Brighton Bypass - bypassing Common Sense

There are alternatives to the state government’s proposed Brighton Bypass route, which would protect the important Jordan River levee site, satisfy the Aboriginal community, be relatively low cost and meet all standards required by the Department of Infrastructure, Energy and Resources (DIER). So why has the state government dug its heals in and appears unwilling to avoid the destruction of this priceless piece of Tasmanian heritage while facing enormous public opposition?

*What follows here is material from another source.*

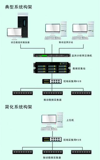 ■系統(tǒng)構(gòu)架 系統(tǒng)組成 旋轉(zhuǎn)機(jī)械振動(dòng)監(jiān)測(cè)分析系統(tǒng)主要由以下幾個(gè)部分組成: ■振動(dòng)數(shù)據(jù)采集器: 提供1路 鍵相信號(hào)、 8路 振動(dòng)信號(hào)的現(xiàn)場(chǎng)振動(dòng)數(shù)據(jù)采集; 通過(guò)1 0 M以太網(wǎng)連接構(gòu)成系統(tǒng)現(xiàn)場(chǎng)采集網(wǎng); ■數(shù)據(jù)采集站: 負(fù)責(zé)一個(gè)或多個(gè)振動(dòng)數(shù)據(jù)采集器的數(shù)據(jù)收集、處理和數(shù)據(jù)庫(kù)存貯; 一方面通過(guò)現(xiàn)場(chǎng)采集網(wǎng)收集數(shù)據(jù)采集器數(shù)據(jù), 另一方面通過(guò)以太網(wǎng)連接系統(tǒng)數(shù)據(jù)庫(kù)服務(wù)器和監(jiān)測(cè)分析站組成振動(dòng)監(jiān)測(cè)分析網(wǎng); 安裝Wi n d o ws 2 0 0 0 / X P系 統(tǒng); ■數(shù)據(jù)庫(kù)服務(wù)器: 通過(guò)My S QL數(shù) 據(jù)庫(kù)系統(tǒng)存貯和管理系統(tǒng)數(shù)據(jù); 安裝Wi n d o ws X P / S e r v e r 2 0 0 0 / 2 0 0 3系統(tǒng); 為數(shù)據(jù)采集站、 監(jiān)測(cè)分析站等提供數(shù)據(jù)庫(kù)訪問(wèn)和網(wǎng)絡(luò)通信服務(wù); ■監(jiān)測(cè)分析站: 允許振動(dòng)監(jiān)測(cè)、 分析及故障診斷軟件; 安裝Wi n d o ws 2 0 0 0 / X P系統(tǒng); |  |
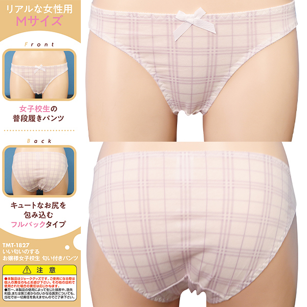 上品で可愛らしいデザインが特徴のフルバックタイプです♪お嬢様女子校生の普段履きをイメージし、淡いピンクカラーにチェック柄をあしらった清楚なデザイン!女性用Mサイズで、フィット感も抜群です♪生地は肌触りの良い素材を使用し、快適な着用感が楽しめます!心地よい香りがプラスされており、特別なひとときを演出♪数量限定の商品となっておりますので、気になる方はぜひお早めにお求めください!イラストは大嘘が担当し、細部までこだわりが詰まった一枚です♪

It part the reasons are the additional price and the delays in construction if an alternative route is chosen. But more importantly it is a battle over who makes decisions to build major new roads in Tasmania. The DIER and the minister do not want decisions on building new roads to be based on a rational assessment of whether they are necessary and acceptable to the Tasmanian community. The technocrats in DIER want to retain control over building new roads and expect its minister to go into bat for them because the minister’s power and budget are also threatened.

The TCT has written to the previous Minister for Infrastructure Lara Giddings and the previous minister responsible for the Aboriginal Relicts Act, David O’Byrne, recommending the protection of the Lower Jordan River levee site at Brighton as a priceless part of Tasmania’s heritage. This site contains extensive evidence of Tasmanian Aboriginal existence dating back more than 40,000 years and we have urged the state government to alter its planned route for the Brighton Bypass to avoid this site entirely.

We pointed out to both ministers that the DIER proposal for a bridge to span the levee site as a means of protecting the site is unacceptable. This is a typical engineer’s solution and would desecrate the site.

The importance of the levee site includes the landscape and visual context of the site and a massive highway bridge dominating the site would have unacceptable impacts on it. While a bridge might reduce the impacts on the scientific value of the site, it would have significant impact on the experience of visiting the area. While the TCT cannot claim to be able to express the cultural importance of the levee site for Aboriginal people, it seems obvious that the construction of a highway over it would diminish the potential for the Aboriginal people to hold cultural events.

As well as building a four-lane highway over the levee site, this proposal also involves some destruction of the site listed under the Aboriginal Relics Act to make way for two of the bridge pylons.

Alternative routes have been proposed by the Tasmanian Aboriginal community which would avoid the important levee site. However, we are not convinced that any alternatives have been thoroughly assessed, nor acceptable compromises considered.  The reply we received from Minister Giddings simply refused to explain why alternatives were not acceptable.

Eight alternative routes have been proposed by the Tasmanian Aboriginal community which would avoid the important levee site.

As well as reading relevant documents available on the DIER web site the TCT have had extensive briefings from DIER engineers on these alternatives. While DIER documents and officials do not advocate support for any of the alternative routes, this is a decision only the minister can make. We conclude from the information provided to us that several of the alternatives which extend to the south of the proposed Jordon River crossing are acceptable (identified as routes 2, 5 and 8 in the GHD consultants report to DIER) as they avoid the levee site, meet safety and speed requirements and have the lowest additional costs or planning constraints. We understand that speed limits would need to be lowered marginally for these new sections to maintain safety standards at the same level as the proposed route, however applying the preferred highway speed limit would still meet safety standards.

We note that the GHD report produced for DIER concluded in relation to alternative route number 2 that ‘the increased safety risk associated with this option could be managed’ (page 3).

The department sought this independent review of the options and has refused to accept it.

The final decision by the new Minister for Infrastructure, David O’Byrne, and the new minister responsible for the Aboriginal Relicts Act, Brian Wightman, to proceed with this project may be made before Christmas and we hope that common sense prevails. The state government should decide in favour of protection of a priceless part of Tasmania’s heritage and accept that the project will be delayed, cost some extra few millions of dollars and will mean road users may need to reduce their speed by 10km per hour for a kilometre of two.